◆ **Task instructions**:
Pictures are not part of the copy. Set down exactly the lines from the one containing "A4 Floral Butterfly" through the last line of the material below.

◆ **Data excerpt**:
══════
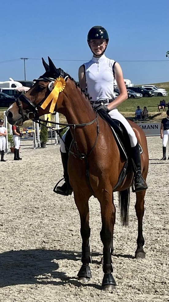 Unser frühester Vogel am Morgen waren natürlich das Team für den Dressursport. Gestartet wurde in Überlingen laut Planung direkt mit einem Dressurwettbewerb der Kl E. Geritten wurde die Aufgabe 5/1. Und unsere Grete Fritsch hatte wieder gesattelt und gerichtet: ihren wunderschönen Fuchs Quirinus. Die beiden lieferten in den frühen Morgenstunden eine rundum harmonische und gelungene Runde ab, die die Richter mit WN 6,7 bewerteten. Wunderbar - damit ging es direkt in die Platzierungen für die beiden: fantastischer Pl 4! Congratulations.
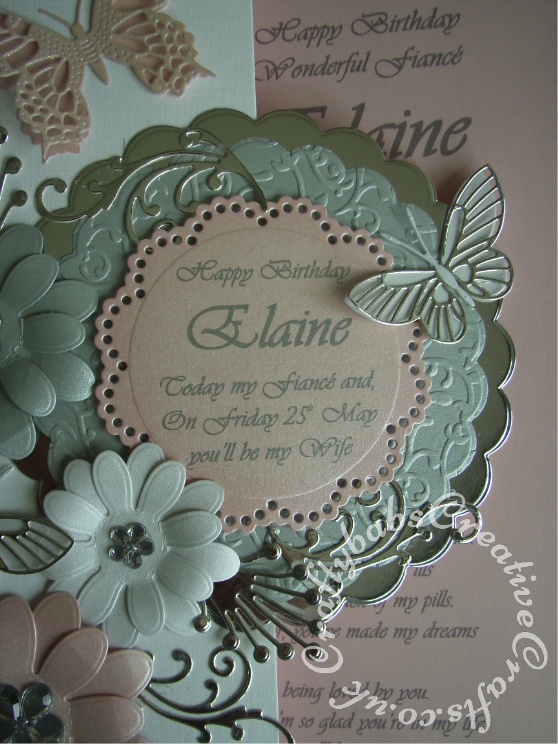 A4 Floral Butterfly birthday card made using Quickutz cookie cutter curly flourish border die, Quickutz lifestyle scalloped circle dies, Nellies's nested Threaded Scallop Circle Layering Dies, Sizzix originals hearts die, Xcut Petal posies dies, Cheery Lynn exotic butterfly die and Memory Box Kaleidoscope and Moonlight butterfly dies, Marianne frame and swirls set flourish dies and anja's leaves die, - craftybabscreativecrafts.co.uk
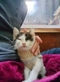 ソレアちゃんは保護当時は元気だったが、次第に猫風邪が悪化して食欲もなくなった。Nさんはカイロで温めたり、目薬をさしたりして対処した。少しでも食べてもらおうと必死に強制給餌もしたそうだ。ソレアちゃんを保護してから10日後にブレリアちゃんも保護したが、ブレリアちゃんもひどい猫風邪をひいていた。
══════
◆ **Solution below**:
 A4 Floral Butterfly birthday card made using Quickutz cookie cutter curly flourish border die, Quickutz lifestyle scalloped circle dies, Nellies's nested Threaded Scallop Circle Layering Dies, Sizzix originals hearts die, Xcut Petal posies dies, Cheery Lynn exotic butterfly die and Memory Box Kaleidoscope and Moonlight butterfly dies, Marianne frame and swirls set flourish dies and anja's leaves die, - craftybabscreativecrafts.co.uk
 ソレアちゃんは保護当時は元気だったが、次第に猫風邪が悪化して食欲もなくなった。Nさんはカイロで温めたり、目薬をさしたりして対処した。少しでも食べてもらおうと必死に強制給餌もしたそうだ。ソレアちゃんを保護してから10日後にブレリアちゃんも保護したが、ブレリアちゃんもひどい猫風邪をひいていた。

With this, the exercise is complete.